HACKER Q&A
📣 vsroy

Disk-backed NumPy for data analysis?


I have a large similarity matrix. It is 300K by 300K entries, and is ~ 100GB in size. To clarify, this is the result of multiplying a 300K by 512 matrix with its transpose.

I want to make queries on this matrix like (what are the rows most similar to row #2), but I don't have a machine with 100GB of RAM.

What would be the best strategy for running queries on this matrix? My current plan is to use duckdb, but I am wondering if there are more elegant alternatives.


  👤 PaulHoule Accepted Answer ✓
Try https://www.dask.org/

Also consider https://www.pinecone.io/

The obvious way to do a similarity query is to do a full-scan which can be done in a straightforward way against data on disk if the data is appropriately packaged. It may be slow but it works.

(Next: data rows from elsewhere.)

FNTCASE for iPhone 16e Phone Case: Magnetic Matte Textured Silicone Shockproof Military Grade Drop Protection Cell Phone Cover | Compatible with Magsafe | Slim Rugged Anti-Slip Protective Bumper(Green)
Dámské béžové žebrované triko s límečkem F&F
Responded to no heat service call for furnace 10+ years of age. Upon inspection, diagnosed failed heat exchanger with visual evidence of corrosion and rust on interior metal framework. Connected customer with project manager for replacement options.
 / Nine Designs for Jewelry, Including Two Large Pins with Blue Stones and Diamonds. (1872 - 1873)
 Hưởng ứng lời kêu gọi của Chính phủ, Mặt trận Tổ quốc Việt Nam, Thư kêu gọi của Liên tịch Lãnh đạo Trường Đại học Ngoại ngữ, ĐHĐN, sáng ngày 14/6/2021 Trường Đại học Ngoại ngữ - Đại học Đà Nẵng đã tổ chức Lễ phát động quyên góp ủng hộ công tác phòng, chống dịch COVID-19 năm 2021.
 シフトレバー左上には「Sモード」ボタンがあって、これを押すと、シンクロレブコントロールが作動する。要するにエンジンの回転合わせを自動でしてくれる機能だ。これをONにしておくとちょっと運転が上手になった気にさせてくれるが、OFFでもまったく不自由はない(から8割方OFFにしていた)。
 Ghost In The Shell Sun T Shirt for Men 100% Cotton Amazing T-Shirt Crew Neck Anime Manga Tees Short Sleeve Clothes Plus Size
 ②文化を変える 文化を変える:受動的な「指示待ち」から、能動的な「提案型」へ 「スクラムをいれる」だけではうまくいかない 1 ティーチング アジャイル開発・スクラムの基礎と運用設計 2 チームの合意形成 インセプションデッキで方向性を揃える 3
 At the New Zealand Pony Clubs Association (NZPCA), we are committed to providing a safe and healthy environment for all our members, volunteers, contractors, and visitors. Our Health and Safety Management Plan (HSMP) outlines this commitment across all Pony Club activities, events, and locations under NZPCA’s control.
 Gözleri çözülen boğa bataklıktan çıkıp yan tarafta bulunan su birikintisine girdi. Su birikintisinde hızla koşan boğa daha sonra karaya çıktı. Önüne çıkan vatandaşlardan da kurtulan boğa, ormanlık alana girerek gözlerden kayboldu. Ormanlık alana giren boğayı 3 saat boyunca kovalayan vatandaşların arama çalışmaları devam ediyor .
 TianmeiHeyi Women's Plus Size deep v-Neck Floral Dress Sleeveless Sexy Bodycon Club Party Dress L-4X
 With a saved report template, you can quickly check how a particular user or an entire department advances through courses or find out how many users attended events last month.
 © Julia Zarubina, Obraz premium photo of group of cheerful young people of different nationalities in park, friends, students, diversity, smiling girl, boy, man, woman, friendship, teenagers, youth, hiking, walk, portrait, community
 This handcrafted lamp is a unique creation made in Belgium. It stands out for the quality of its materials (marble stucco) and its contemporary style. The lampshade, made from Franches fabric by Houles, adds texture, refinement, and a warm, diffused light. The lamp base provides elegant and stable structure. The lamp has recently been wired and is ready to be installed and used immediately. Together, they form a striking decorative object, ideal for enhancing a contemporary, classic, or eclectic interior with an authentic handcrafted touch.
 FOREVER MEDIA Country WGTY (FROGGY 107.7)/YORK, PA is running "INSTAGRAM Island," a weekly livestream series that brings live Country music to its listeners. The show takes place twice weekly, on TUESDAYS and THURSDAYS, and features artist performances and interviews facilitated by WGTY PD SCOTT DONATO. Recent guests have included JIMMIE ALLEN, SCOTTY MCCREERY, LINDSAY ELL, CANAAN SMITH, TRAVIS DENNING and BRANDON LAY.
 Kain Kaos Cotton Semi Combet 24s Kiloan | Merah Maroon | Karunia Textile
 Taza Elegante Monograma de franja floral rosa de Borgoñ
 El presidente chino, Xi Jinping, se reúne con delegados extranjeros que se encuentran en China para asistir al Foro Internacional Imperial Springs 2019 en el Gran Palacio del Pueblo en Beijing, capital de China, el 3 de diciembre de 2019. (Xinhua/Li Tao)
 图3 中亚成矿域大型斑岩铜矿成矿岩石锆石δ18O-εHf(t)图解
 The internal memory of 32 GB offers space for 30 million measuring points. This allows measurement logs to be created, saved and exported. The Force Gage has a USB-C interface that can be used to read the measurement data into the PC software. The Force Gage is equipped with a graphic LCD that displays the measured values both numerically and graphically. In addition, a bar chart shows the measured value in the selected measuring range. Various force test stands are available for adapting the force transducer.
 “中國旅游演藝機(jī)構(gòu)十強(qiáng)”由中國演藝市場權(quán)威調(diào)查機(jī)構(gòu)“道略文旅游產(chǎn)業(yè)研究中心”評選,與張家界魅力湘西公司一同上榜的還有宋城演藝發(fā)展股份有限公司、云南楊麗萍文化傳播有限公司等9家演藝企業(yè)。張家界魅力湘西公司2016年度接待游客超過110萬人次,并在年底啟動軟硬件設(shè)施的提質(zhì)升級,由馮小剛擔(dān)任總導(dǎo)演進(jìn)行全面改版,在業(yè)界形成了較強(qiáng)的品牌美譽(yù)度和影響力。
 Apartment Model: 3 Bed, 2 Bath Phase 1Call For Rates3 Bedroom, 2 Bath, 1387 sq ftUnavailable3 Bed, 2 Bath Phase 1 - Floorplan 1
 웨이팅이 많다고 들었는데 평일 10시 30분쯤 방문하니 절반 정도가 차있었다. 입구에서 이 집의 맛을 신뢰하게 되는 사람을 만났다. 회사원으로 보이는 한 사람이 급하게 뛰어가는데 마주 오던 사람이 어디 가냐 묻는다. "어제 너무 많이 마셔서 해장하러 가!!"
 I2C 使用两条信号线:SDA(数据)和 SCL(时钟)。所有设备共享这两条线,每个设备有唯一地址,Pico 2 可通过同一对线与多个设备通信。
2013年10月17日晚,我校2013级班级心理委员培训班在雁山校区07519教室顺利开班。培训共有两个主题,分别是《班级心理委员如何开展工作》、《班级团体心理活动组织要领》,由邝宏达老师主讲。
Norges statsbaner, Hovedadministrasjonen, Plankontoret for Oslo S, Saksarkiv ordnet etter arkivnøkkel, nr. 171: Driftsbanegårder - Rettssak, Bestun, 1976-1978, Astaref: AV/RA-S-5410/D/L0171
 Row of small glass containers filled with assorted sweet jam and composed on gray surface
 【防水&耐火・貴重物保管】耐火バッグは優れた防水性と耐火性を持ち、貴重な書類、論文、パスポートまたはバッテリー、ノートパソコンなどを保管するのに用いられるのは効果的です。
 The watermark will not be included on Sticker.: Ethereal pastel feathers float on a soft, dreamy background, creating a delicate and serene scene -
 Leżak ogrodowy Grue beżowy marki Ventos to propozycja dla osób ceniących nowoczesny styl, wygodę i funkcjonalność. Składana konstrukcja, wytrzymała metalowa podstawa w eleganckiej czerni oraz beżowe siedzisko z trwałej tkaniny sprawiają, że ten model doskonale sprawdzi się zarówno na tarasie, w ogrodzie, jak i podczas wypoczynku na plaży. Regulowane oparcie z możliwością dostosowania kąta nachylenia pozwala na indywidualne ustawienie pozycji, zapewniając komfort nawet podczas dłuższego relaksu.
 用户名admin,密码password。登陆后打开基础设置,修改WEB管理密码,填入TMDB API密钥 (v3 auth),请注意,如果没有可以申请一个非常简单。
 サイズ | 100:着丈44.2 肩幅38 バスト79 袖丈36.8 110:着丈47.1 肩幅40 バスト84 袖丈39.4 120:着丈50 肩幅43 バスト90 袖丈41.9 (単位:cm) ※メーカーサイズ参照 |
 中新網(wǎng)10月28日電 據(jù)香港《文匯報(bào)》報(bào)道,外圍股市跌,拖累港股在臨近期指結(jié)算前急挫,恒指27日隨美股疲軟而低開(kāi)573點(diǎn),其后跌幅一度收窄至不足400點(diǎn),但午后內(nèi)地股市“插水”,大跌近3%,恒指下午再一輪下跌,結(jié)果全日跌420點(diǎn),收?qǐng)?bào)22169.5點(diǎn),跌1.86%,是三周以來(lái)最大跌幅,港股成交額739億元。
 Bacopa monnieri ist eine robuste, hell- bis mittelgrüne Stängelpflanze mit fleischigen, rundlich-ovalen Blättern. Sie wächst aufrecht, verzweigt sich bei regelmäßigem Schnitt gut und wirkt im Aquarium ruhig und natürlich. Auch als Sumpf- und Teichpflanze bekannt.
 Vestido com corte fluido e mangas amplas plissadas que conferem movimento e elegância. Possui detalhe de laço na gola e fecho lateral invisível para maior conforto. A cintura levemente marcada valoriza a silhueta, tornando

There are n-dimensional indexes that can accelerate similarity queries, pinecone uses them, they are not as effective as 1-d and 2-d (geospatial) indexes but they do help.

Sparse similarity search is its own problem, solved by full-text search engines like Lucene.

Dimensional reduction, say going from 300K features to 100 features, might improve the quality of your results as well as compactifying your data. It could be something you do once on a monster machine and then do many lookups on a smaller machine. That dimensional reduction might take a lot of resources, see

https://scikit-learn.org/stable/modules/decomposition.html

but in your case you might get embarassingly good results with random projections

https://en.wikipedia.org/wiki/Random_projection


👤 prirun
You can use swap / virtual memory. The tricky part with that or any db is to make sure that your array accesses are as sequential as possible, because in the worst case, each memory reference could turn into a disk access. Make sure your swap is on a fast NVME/SSD device to minimize access time. See mkswap.

👤 jstx1
> I want to make queries on this matrix like (what are the rows most similar to row #2)

There are libraries for efficient vector similarity search like https://github.com/facebookresearch/faiss


👤 yorwba
Use mmap to load only the region of the file that corresponds to row #2, interpret it as an array using np.frombuffer, proceed as with normal in-memory data.

This works as long as you control the file format (so you can ensure that rows are stored contiguously) and as long as you don't need too many rows in memory at the same time.


👤 tacosbane
you didn't provide any hints why it wouldn't work for you, so i recommend you look at scikit-learn's neighbors module (i.e., construct NearestNeighbors object and query it).

https://scikit-learn.org/stable/modules/neighbors.html#unsup...